Jeff Hague of the Delaware State Sportsmen’s Association said Andrews ruling meant that some firearm store or a person who works in one of them is going to have to be sued before they and the foundation can challenge the statute.

Hague believes Andrews’s ruling is wrong.

Courts have ruled “you don’t have to be sued and incur damages before you can challenge what you believe is unconstitutional and could affect you later,” Hague said. “That’s what we believe the judge missed.”

He pointed to an association lawsuit against the Delaware Department of Natural Resources and Environmental Control and the Department of Agriculture over a ban on the use of some semi-automatic weapons on state property and another suit against DNREC over the use of pistol-caliber rifles to hunt deer.

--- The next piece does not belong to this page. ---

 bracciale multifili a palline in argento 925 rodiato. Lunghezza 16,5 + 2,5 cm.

“It doesn’t mean that the law is good,” Hague said about Andrews’ ruling. “It just simply means that the judges decided that in this case, somebody’s going to have to be sued first before we can challenge that as being bad law.”

Firearm dealer suit

The foundation had sued Delaware Attorney General Kathleen Jennings to stop the implementation of the law.

Andrews noted in his opinion that the foundation’s arguments were no more persuasive than they had been in a lawsuit against a similar New Jersey law. The trade association also was found to have no standing in that case and the lawsuit was dismissed.

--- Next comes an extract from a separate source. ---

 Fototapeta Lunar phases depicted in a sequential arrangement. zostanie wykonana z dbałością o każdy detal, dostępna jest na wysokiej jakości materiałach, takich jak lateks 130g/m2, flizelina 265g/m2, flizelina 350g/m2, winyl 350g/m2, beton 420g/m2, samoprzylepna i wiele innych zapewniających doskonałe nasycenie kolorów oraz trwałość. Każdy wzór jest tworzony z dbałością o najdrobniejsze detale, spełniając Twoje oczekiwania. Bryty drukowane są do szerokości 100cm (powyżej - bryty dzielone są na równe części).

The New Jersey law allowed its attorney general to sue firearms industry members whose “unlawful” or “unreasonable”  conduct “contributes to a public nuisance through the sale, manufacturing, distribution,  importing, or marketing of a gun-related product,” Andrews’ opinion said.

It also required industry members to “establish, implement, and enforce reasonable controls” on those activities.

RELATED STORY: Committee hearing OKS KeKe Anderson gun dealer bill

The only meaningful distinction between the two statutes is  that the New Jersey statute did not authorize a private cause of action, Andrews’ opinion said.

The foundation’s argument that “the risk of enforcement is greater when private parties can enforce the law” is true enough, the opinion said, but “the foundation has not pointed to any lawsuit filed or threatened by a private party.”

Andrews wrote that the foundation had presented “no other evidence that there was a substantial threat of enforcement — from private parties or from Jennings.”

The judge dismissed the suit without prejudice, meaning that case could be filed again.